> Your instructions
Copy every line of the entries that has the string "condition" in it.

> Given entries
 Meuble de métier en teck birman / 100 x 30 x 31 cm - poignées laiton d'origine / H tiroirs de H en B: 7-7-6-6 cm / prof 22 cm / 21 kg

* * *

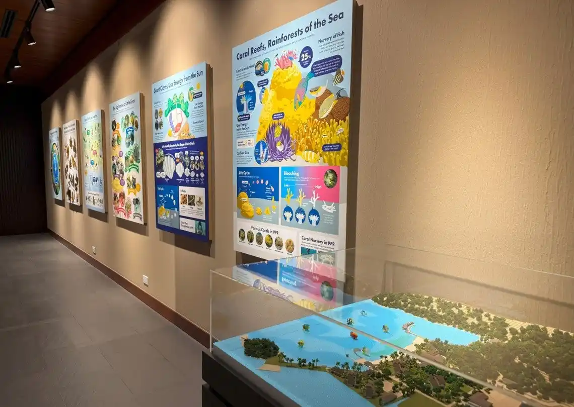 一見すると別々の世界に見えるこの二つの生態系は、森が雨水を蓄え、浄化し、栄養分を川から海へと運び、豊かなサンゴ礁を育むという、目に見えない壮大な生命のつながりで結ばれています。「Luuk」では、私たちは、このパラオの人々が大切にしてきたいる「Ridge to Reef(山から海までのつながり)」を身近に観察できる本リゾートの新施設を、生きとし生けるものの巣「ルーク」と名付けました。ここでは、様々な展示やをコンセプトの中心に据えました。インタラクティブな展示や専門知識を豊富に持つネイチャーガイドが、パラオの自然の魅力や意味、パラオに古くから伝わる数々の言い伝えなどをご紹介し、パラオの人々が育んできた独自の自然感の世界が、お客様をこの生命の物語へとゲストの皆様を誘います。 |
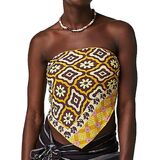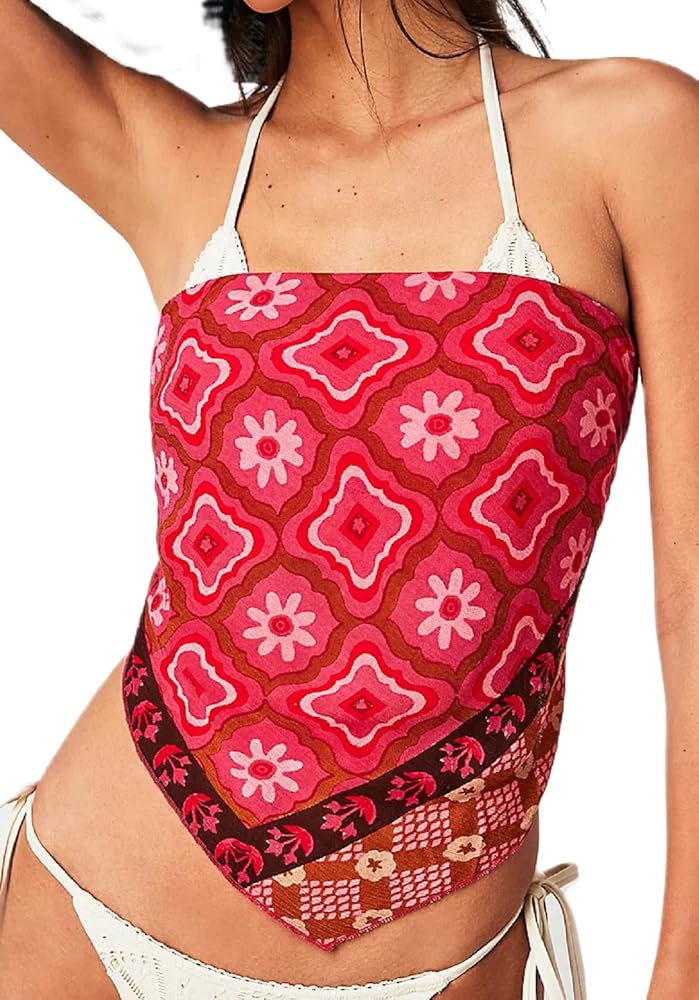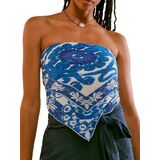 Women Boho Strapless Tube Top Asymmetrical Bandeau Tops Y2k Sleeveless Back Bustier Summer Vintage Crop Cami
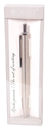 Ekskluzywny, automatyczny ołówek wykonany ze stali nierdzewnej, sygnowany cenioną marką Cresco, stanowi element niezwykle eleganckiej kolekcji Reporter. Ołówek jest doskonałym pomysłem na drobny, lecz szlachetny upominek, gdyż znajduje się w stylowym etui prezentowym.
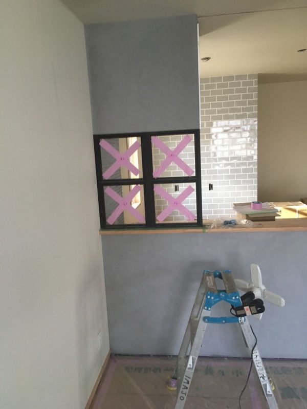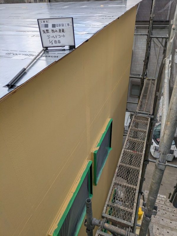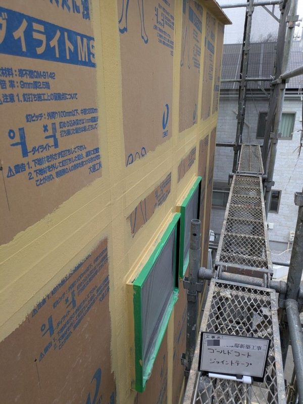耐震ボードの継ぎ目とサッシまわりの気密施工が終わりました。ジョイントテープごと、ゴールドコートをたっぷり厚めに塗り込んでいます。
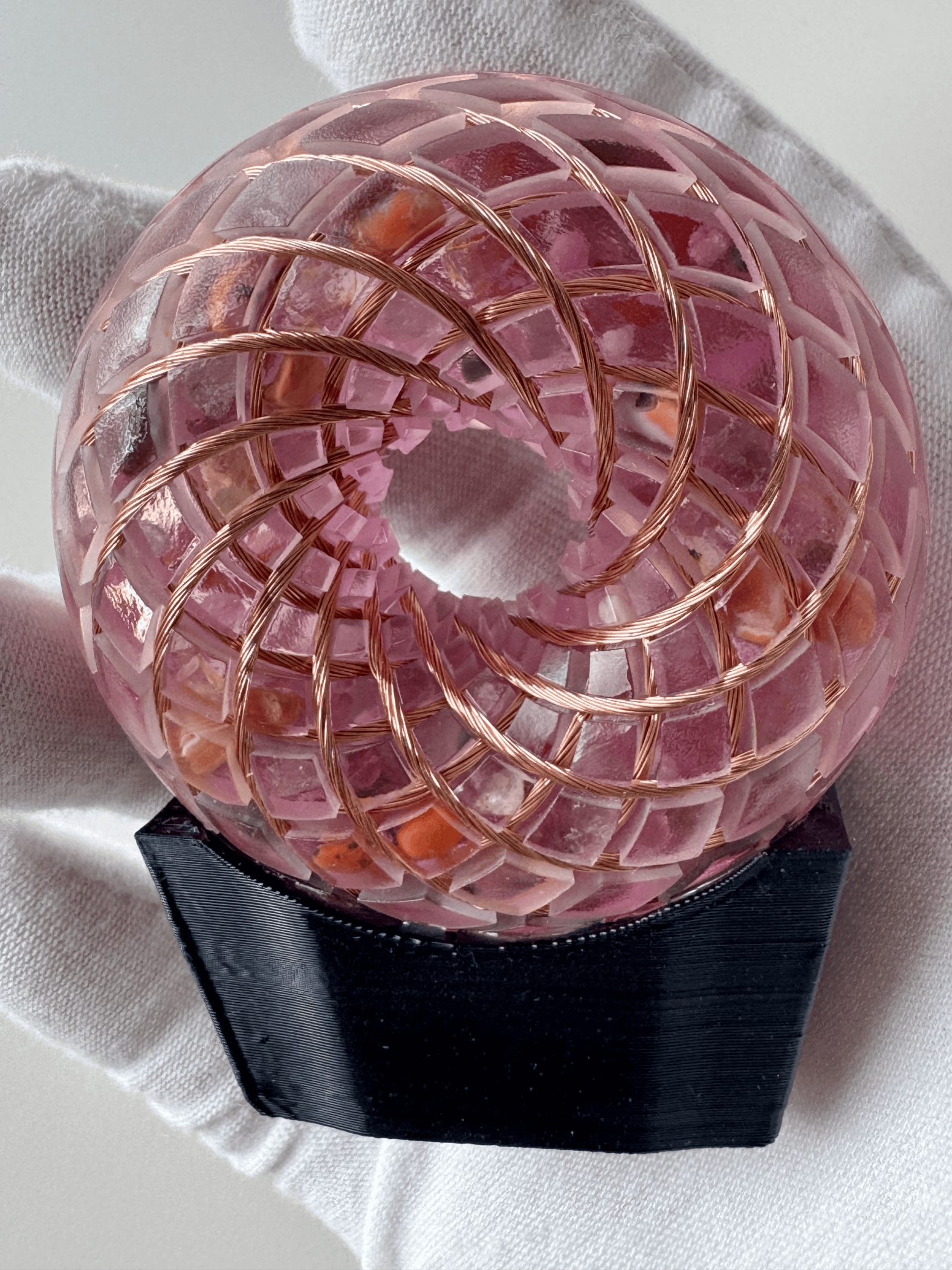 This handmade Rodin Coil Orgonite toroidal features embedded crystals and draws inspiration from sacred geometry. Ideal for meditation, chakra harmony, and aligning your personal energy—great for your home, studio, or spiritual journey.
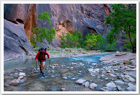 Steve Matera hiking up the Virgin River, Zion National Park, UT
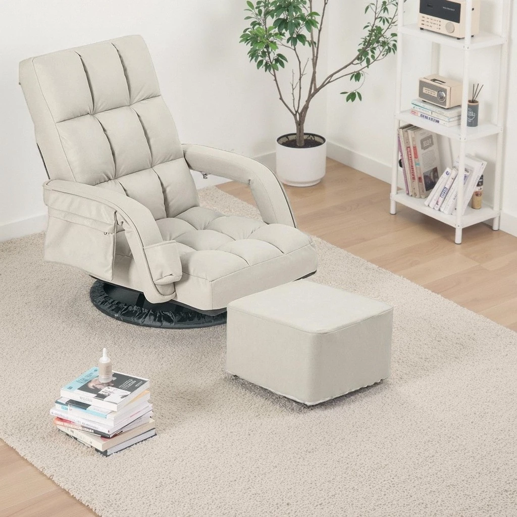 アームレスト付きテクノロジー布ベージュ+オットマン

...

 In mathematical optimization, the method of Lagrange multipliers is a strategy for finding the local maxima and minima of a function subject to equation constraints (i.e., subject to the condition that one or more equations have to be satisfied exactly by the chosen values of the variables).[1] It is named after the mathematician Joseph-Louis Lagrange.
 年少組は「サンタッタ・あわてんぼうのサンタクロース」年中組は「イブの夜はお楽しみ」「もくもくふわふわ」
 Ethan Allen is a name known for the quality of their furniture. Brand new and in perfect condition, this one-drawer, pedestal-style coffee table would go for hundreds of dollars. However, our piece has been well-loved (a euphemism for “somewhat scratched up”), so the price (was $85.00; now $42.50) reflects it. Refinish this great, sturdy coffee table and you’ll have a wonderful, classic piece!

> Task answer
 In mathematical optimization, the method of Lagrange multipliers is a strategy for finding the local maxima and minima of a function subject to equation constraints (i.e., subject to the condition that one or more equations have to be satisfied exactly by the chosen values of the variables).[1] It is named after the mathematician Joseph-Louis Lagrange.
 Ethan Allen is a name known for the quality of their furniture. Brand new and in perfect condition, this one-drawer, pedestal-style coffee table would go for hundreds of dollars. However, our piece has been well-loved (a euphemism for “somewhat scratched up”), so the price (was $85.00; now $42.50) reflects it. Refinish this great, sturdy coffee table and you’ll have a wonderful, classic piece!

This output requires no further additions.